About this time last year I noticed at reference 1 the evening crows, gathering for a swoop on the big tree behind the bungalow where we used to stay in Lower Furlongs.
This evening they were at it again, certainly hundreds, maybe even a thousand of them. Perhaps they have the same urge to herd in the evening as is exhibited by the young bipeds of our own species.

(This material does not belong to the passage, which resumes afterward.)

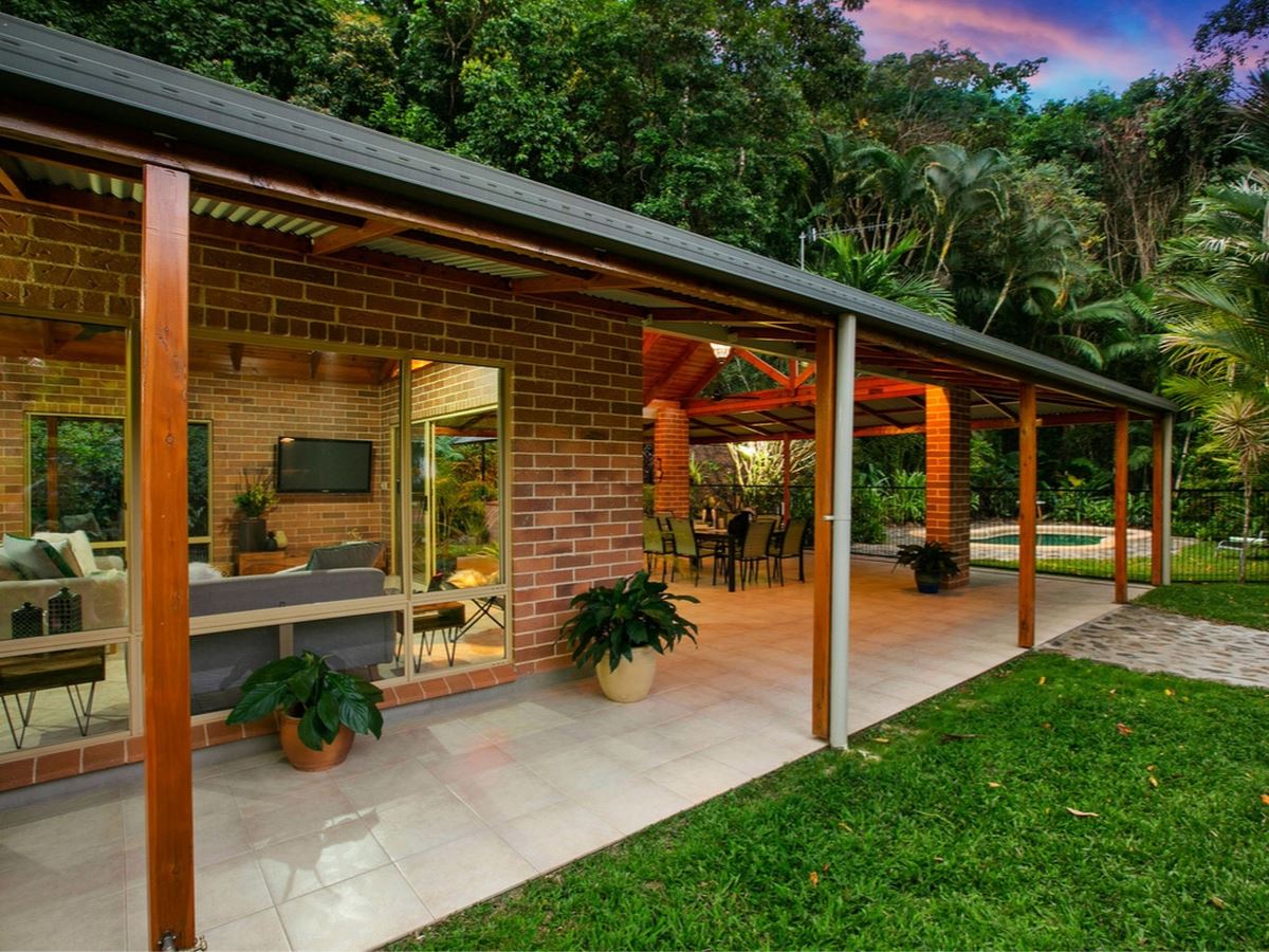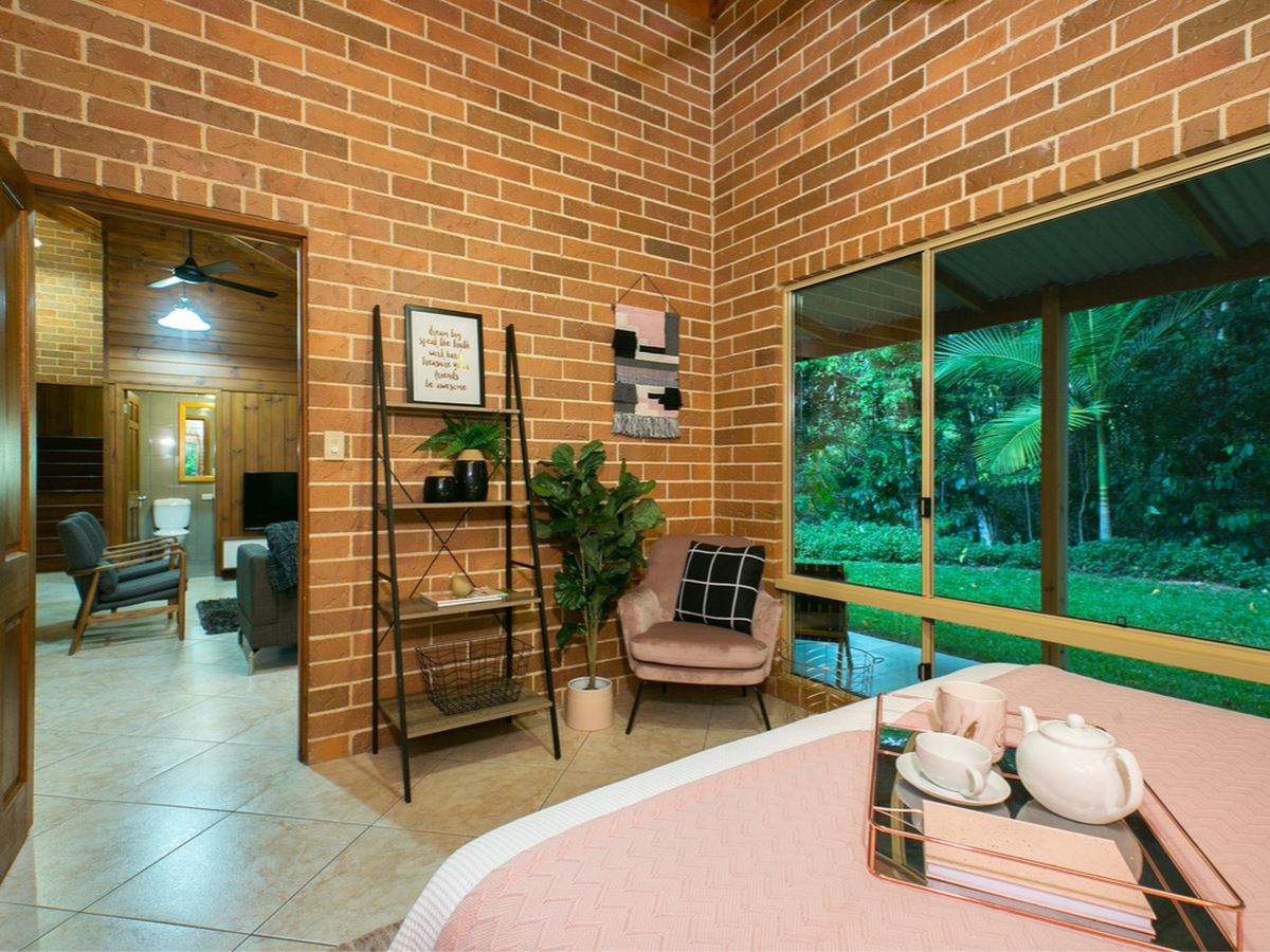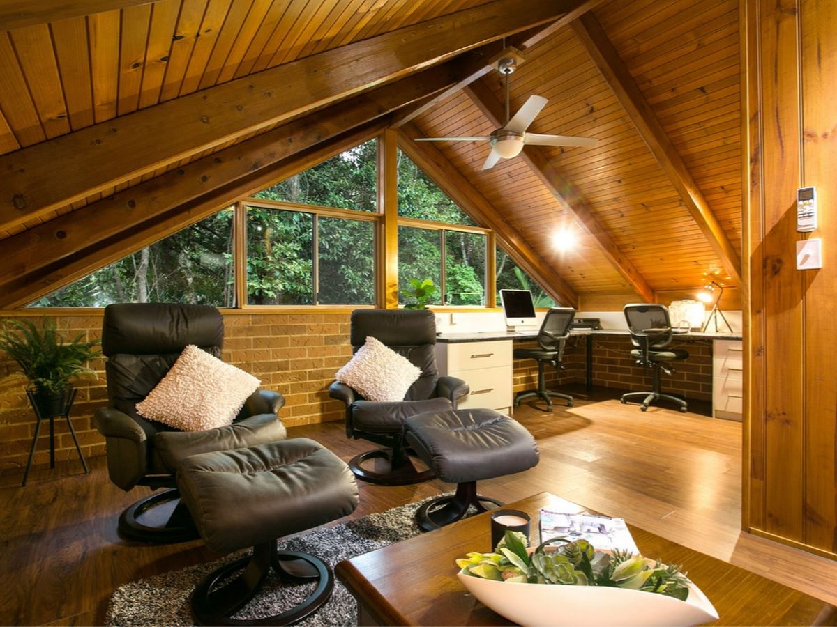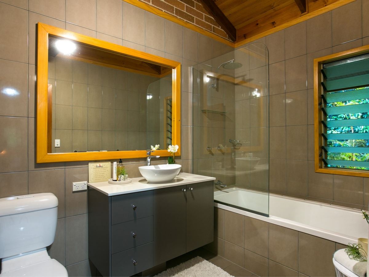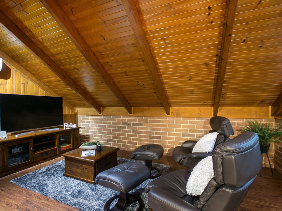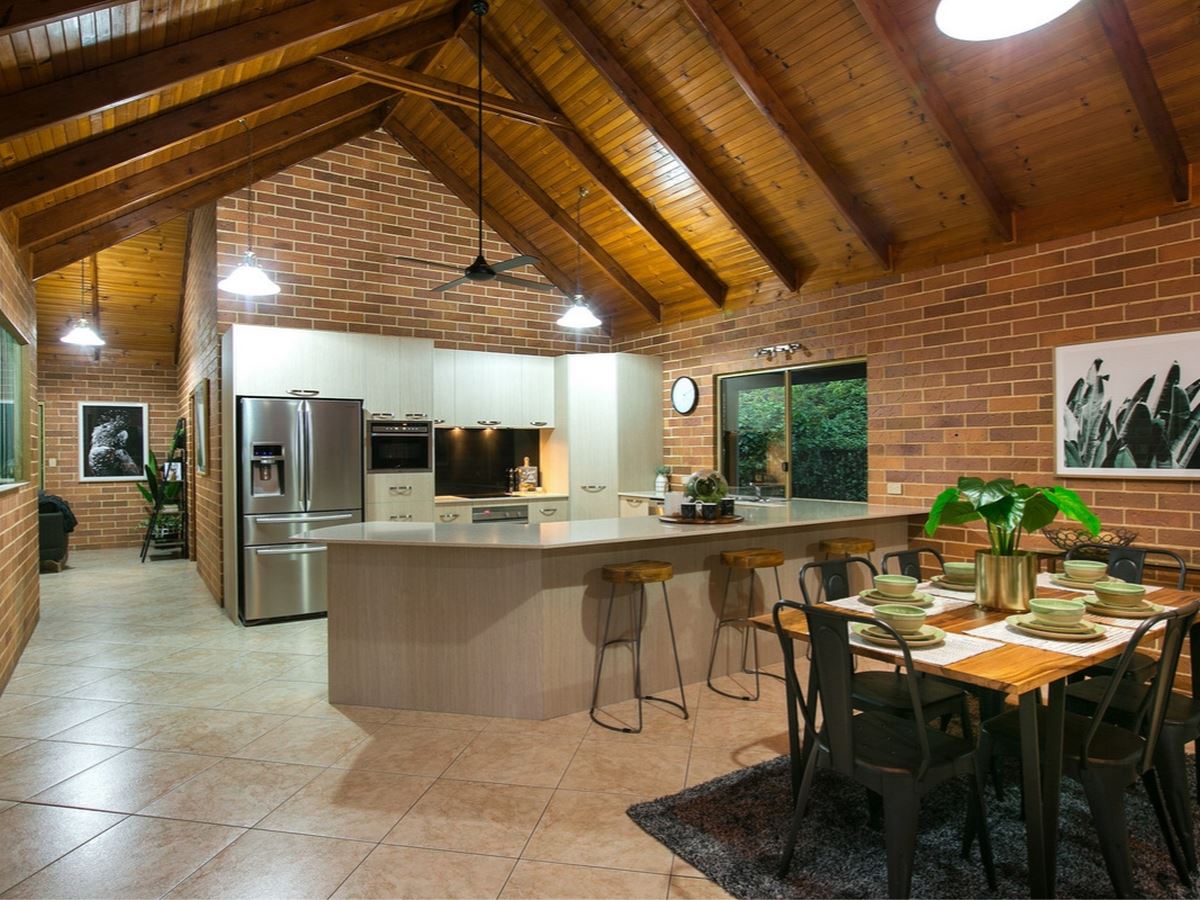 Given the private position, glass has been used in abundance to provide a seamless transition between inside and out and the combination of soaring cathedral style timber ceilings with cool, neutral tiles gives the home a light and airy feel, matched with mountain breezes. Exposed brick construction works well with the timber to provide a different (but comfortable) style, which works well across the home and its multiple living areas.

PS: plus an observation in passing, prompted by a picture of what I took to be Napoleon's tomb in Les Invalides in Paris, not so unlike those of his contemporaries Nelson and Wellington in our own St. Paul's, in today's DT. That is to say that I am glad that we do not have such a monster for one of our national heroes. An able man and a general of genius - but a man who, out of little more than his own pride and volition, caused maybe a million excess deaths. Probably a lot more, when you think that he did for at least half a million in the course of his Russian expedition and another hundred thousand in the entirely pointless 100 days. After which, I believe, Wellington took a sporting line and did not let the Tsar have him shot. From which I associate to the third volume of Rambaud's trilogy about him, in which I read that he was not at all popular at the time, in the south of France, where he came close to being lynched on his way to Elba. They were not too happy about all those excess deaths either. See reference 2 - also about a year ago.